Day 5: The Moment Your Assumptions Become Visible

Step Back Far Enough to See Yourself

TL;DR: The leadership growth you’re looking for isn’t about trying harder. It’s about noticing the assumptions running in the background, creating enough distance to see them clearly, and then choosing whether to keep them or update them.

My partner of 13 years just bought whole milk at the grocery store.

Whole milk.

For the past 13 years, he has always bought skim.

I like whole milk.

He likes skim.

Years ago, I put whole milk in the cart, and he said, “We don’t have a baby. Whole milk is for babies.”

I said, “Huh? What? You say the weirdest things sometimes. Um, whole milk is healthier.”

He said, “Put that back. Get the skim.”

I stood there, confounded. Do I argue, or let it go?

I let it go. Not every assumption needs a conversation. Otherwise, I’d be talking 24/7.

Then today: he brings home whole milk.

I ask, “Why did you get whole milk?”

He said he watched a YouTube video and how whole milk is healthier.

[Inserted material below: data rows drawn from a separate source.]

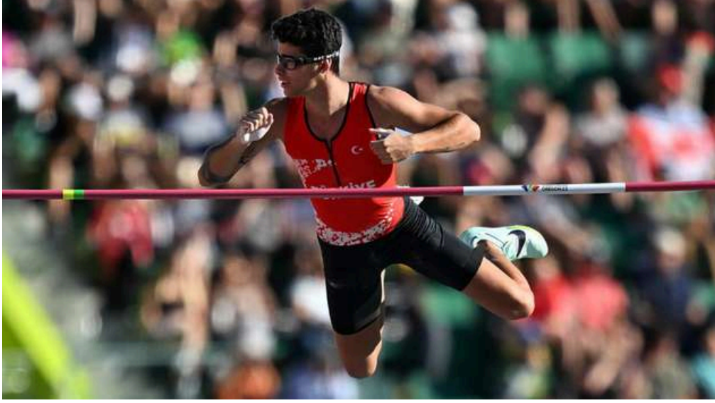
Sırıkla yüksek atlama finalinde olimpiyat beşincisi olan milli atletimiz Ersu Şaşma

Spor, ulusların imajların dış dünyaya tanıtılması açısından daima önde gelen bir araç olmuştur. Çağımız, ulusal kimliklerin öne çıkarılarak bunların üzerinden uluslararası etki kazanma çağıdır. Sportif faaliyetler, özellikle başarılı olduğu takdirde uluslararası imajların dış kamuoylarına iletilmesi adına tüm dünyada yaygın biçimde kullanılmaktadır. Başarılı sporcular, mensubu oldukları ulusların prestijini arttırmaktadır.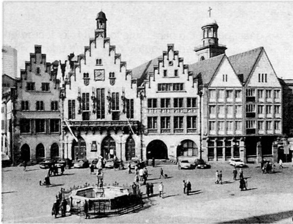
City Hall: Symbol of the City of Frankfurt

Frankfurt, Fed. Rep. of Germany May 12–14, 1986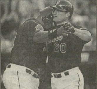
REUTERS ნოე ოიგკაფ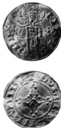
Fig. 2. Mynt präglat i Lund under Sven Estridsen 1047-1074. Hauberg 28. Vikt 0,97 g, diam. 17,50 mm. KMK, id.nr 300968. Ex Löddeköpinge, Löddeköpinge sn, Skåne. SHM inv.nr 3357. Förstorat.

åt både när det gäller vikt (0,85 mot 0,97 g), förvisso inom det normala viktspannet, och diameter (16,80 mot 17,50 mm), vilket är en stor avvikelse. Randen är tunnare och anorlunda utformad på galvanokopian, vars ämne dessutom är helt plant utan spår av de böjningar som är vanliga på vikingatida mynt från den aktuella perioden. Till detta skall även den höga kopparhalten läggas. Någon skarv mellan åt- och fränsida har inte kunnat upptäckas på galvanokopians rand.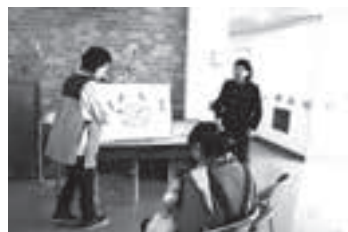
▲大型絵本読み聞かせ教室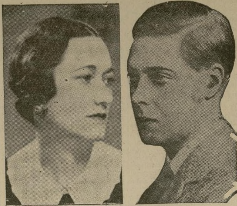
Duquesa de Windsor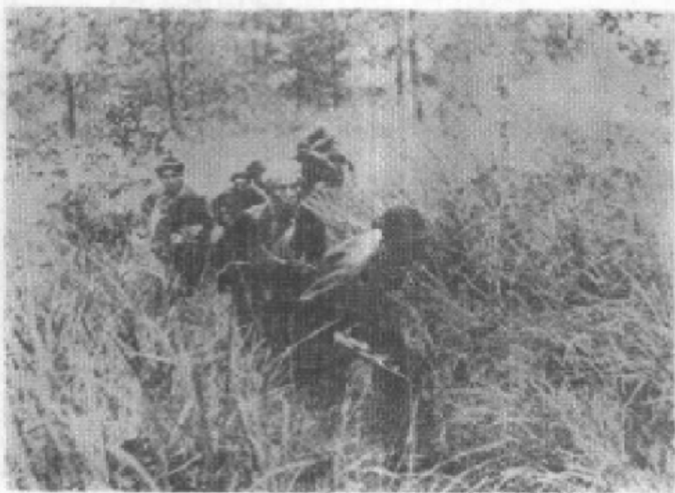
兄弟民族的民兵在搜索残匪。

Then he looked at me and said in all seriousness, “Why do you ask?”

We all make assumptions

Some assumptions are small. Some assumptions are big. Sometimes an assumption sticks around a lifetime. Sometimes an assumption disappears overnight. Sometimes an assumption sticks because it’s harmless. Sometimes an assumption sticks because it protects you, comforts you, or keeps you moving fast.

As an executive coach, I’ve heard it all. So, I know how to listen. It will happen… when a client finally says the quiet part out loud:

  • “I’m not controlling. I’m just fixing.”

  • “My employee doesn’t respect me. They keep questioning my authority.”

  • “Am I doing enough to get where I am trying to get?”

That sentence is the moment the assumption is visible. And with someone listening, you have a better chance of catching it, accepting it, and disconnecting from it. My clients leave sessions knowing what they want to do, what to say, and how to say it.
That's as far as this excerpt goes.